Debt has been the main dynamic driving these shifts – always with new twists and turns. It polarizes wealth to create a creditor class, whose oligarchic rule is ended as new leaders (“tyrants” to Aristotle) win popular support by cancelling the debts and redistributing property or taking its usufruct for the state.
Since the Renaissance, however, bankers have shifted their political support to democracies. This did not reflect egalitarian or liberal political convictions as such, but rather a desire for better security for their loans. As James Steuart explained in 1767, royal borrowings remained private affairs rather than truly public debts [1]. For a sovereign’s debts to become binding upon the entire nation, elected representatives had to enact the taxes to pay their interest charges.
By giving taxpayers this voice in government, the Dutch and British democracies provided creditors with much safer claims for payment than did kings and princes whose debts died with them. But the recent debt protests from Iceland to Greece and Spain suggest that creditors are shifting their support away from democracies. They are demanding fiscal austerity and even privatization sell-offs.
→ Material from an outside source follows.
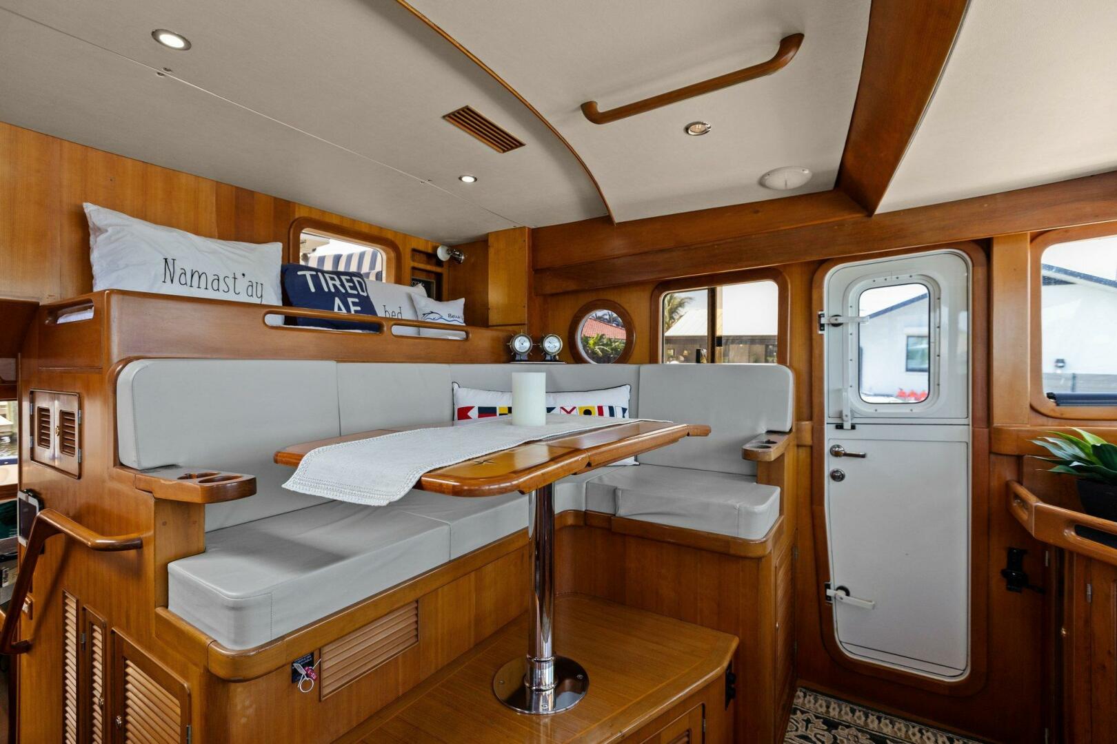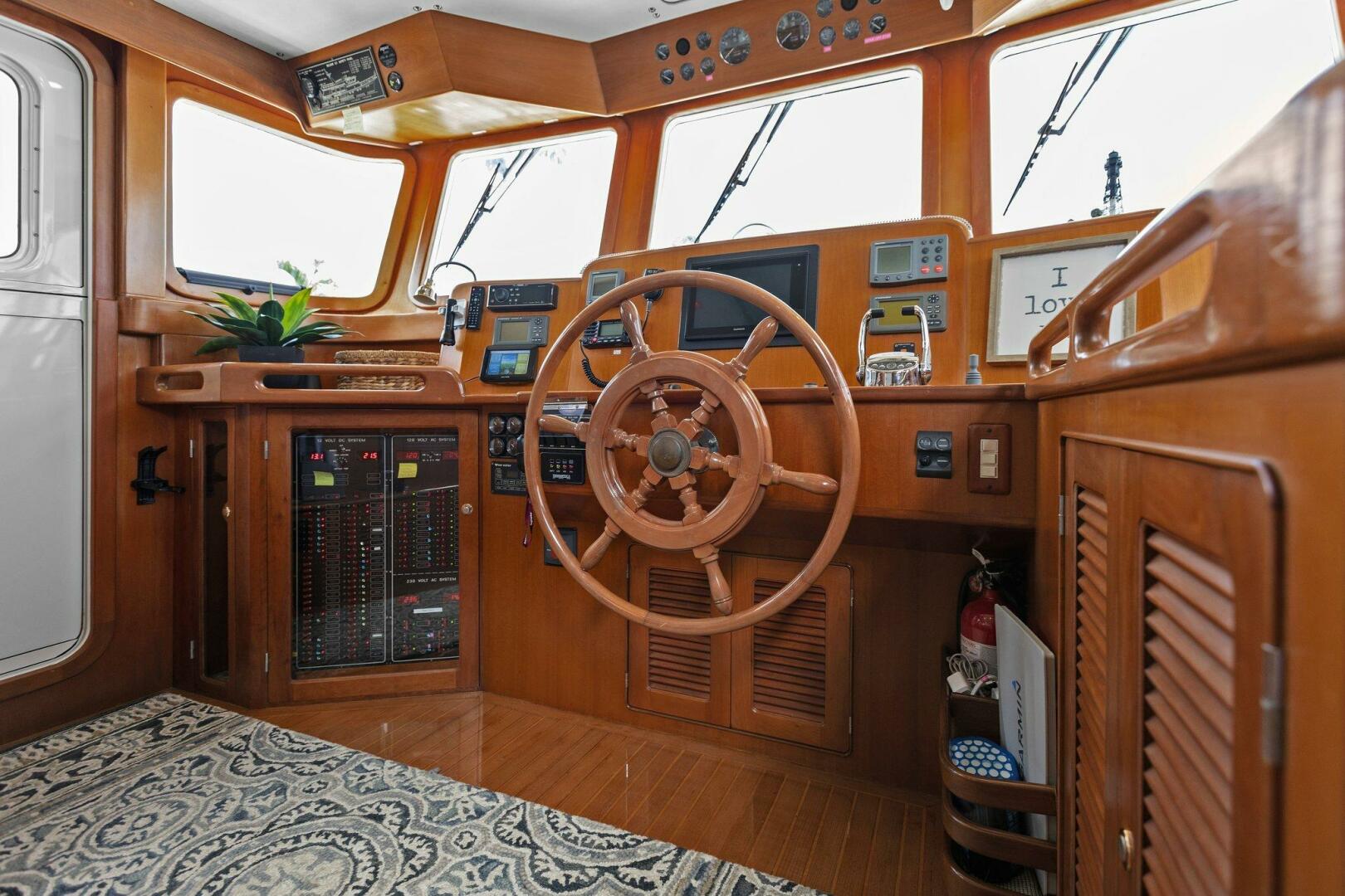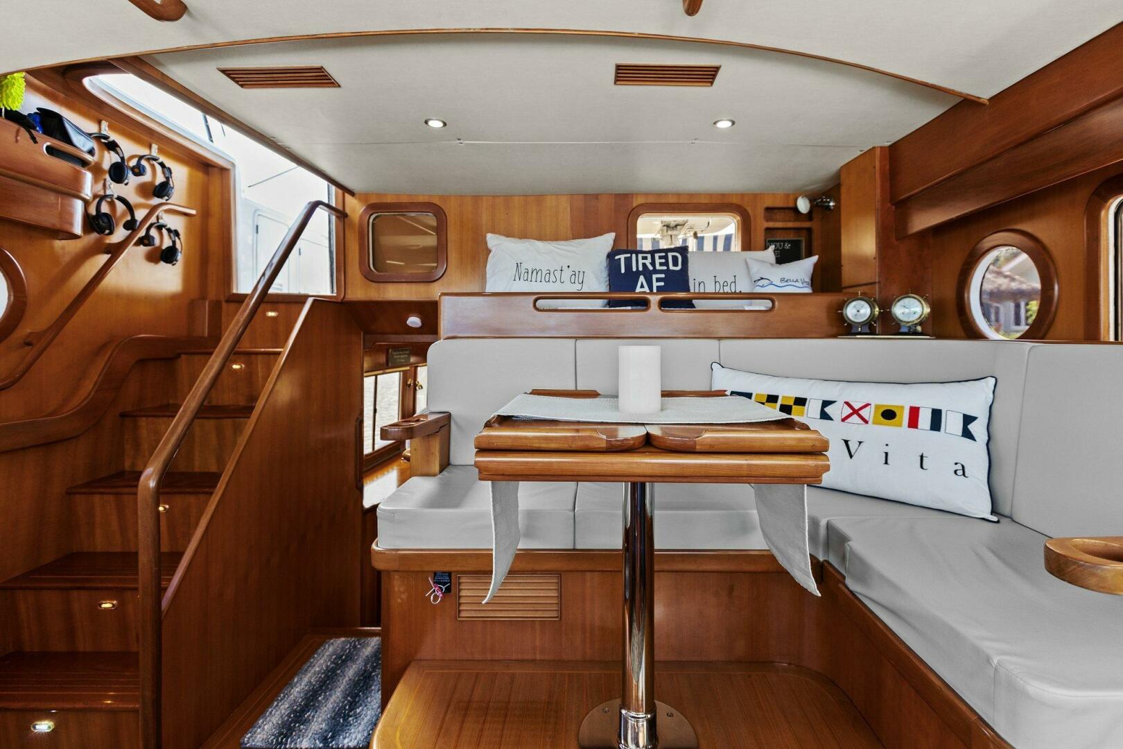 Moving starboard we head up the curved stairs that lead to the pilothouse. Now in the pilothouse, looking forward you have easy reach to all your navigation and systems monitoring. To port and starboard Dutch Doors (New 2020) which give access to both of the side decks. Behind you have a settee with a table and a watch berth behind it. Beautiful refinements and woodworking give it a touch of charm.

This is turning international finance into a new mode of warfare. Its objective is the same as military conquest in times past: to appropriate land and mineral resources, communal infrastructure and extract tribute. In response, democracies are demanding referendums over whether to pay creditors by selling off the public domain and raising taxes to impose unemployment, falling wages and economic depression. The alternative is to write down debts or even annul them, and to re-assert regulatory control over the financial sector.